[IxDA Discuss] What sets the 'best' interaction designers apart?
Dave Chiu
dave at d4v3.net
Fri Feb 2 21:58:11 PST 2007
On Feb 3, 2007, at 12:09 AM, Kevin Wong wrote:
> In any case, I'd like to hear more opinions about the characteristics
> of an Interaction Design. I feel like ethnographers and
> anthropologists are Interaction Designers as well. Just from a
> different perspective bringing in different deliverables that could
> still very well be creative.
I was taught that good interaction designers are able to "bounce"
between high level and low level tasks, and from that flexibility
derive their value.
The interaction design program I graduated from had a curriculum
which encompassed physical computing, graphical user interface
design, and service design. These were general categories, as any
single project might involve one or more disciplines. For example, a
service design project (high level) would inevitably involve some
kind of touch-point (low level) which would manifest itself in a
screen design or an object of some sort. The lines were definitely
blurred as designers developed working prototypes which in turn
informed the designs in an iterative process.
The students at my school were from all kinds of backgrounds, ranging
from industrial design to graphic design to architecture to computer
science to english (that would be me). At the end of the program, we
all had our particular interests and skills, so I don't think there
is a particular template for Interaction Design. I realize that's not
particularly helpful, but I think most of us left school more
confused about the definition than when we entered, and we certainly
all had our differing opinions.
So while I don't have any particular insight into what makes an
Interaction Designer (and any that I might have are certainly not
authoritative), I would agree that the characteristics of one would
have to include ethnography.

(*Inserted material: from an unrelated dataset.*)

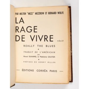 MEZROW (Milton "Mezz") et Bernard WOLFE. La Rage de vivre. Récit. Really the blues. Paris, Corrêa, 1950. Fort in-8, demi-maroquin brun à coins, dos à nerfs, tête dorée, non rogné, couv. et dos cons. (Rel. moderne). Édition originale française, traduite de l'américain par Marcel Duhamel et Madeleine Gautier, et ouvrant sur une préface de Henry Miller. Cette autobiographie de Mezz, clarinettiste de jazz américain, parut d'abord aux USA en 1946. Un des 25 exemplaires de tête sur vélin Marais.
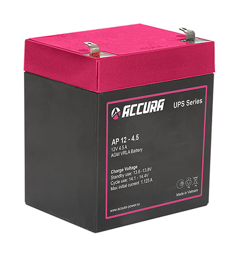 Свинцово-кислотные аккумуляторы Accura Power серии AP являются герметизированными (AGM), клапанно-регулируемыми (VRLA), необслуживаемыми батареями универсального класса. Срок службы в буферном режиме до 6 лет (25 °C).

I personally believe that an Interaction
Designer is more designer than developer, but that he or she must be
able to interface with developers, which in turn requires an
understanding of development to most effectively communicate design
requirements/implementation, etc. (It's a bit of a vicious circle as
far as I've found.)
I think that may be where the comments about hand-coding HTML come
from, as understanding lies in the doing, which in turn may lead to
better design around that particular technology's constraints.